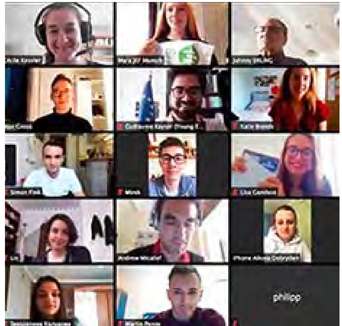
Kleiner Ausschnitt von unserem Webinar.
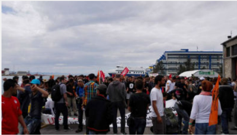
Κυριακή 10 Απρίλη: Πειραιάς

_ _ _ _ _

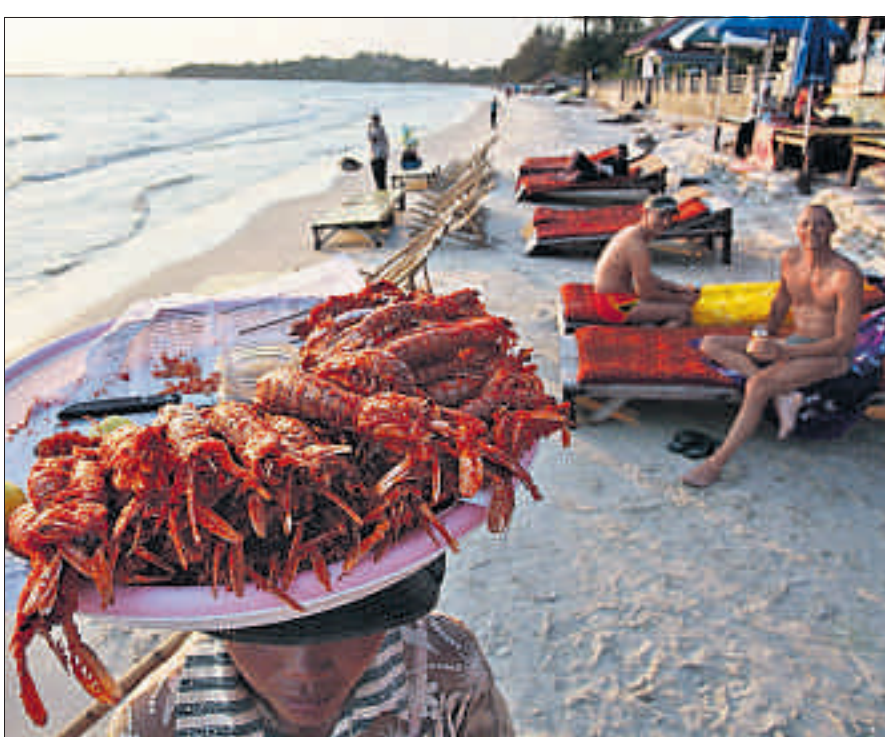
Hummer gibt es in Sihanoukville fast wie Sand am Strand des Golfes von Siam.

_ _ _ _ _

EXERCISE DESCRIPTION - Which part of the entries opens with the line containing "Kleiner Ausschnitt von unserem Webinar." and closes with the line containing "Κυριακή 10 Απρίλη: Πειραιάς"? Output that part exactly, ends included, pictures excluded.

WORKED SOLUTION -
Kleiner Ausschnitt von unserem Webinar.
Κυριακή 10 Απρίλη: Πειραιάς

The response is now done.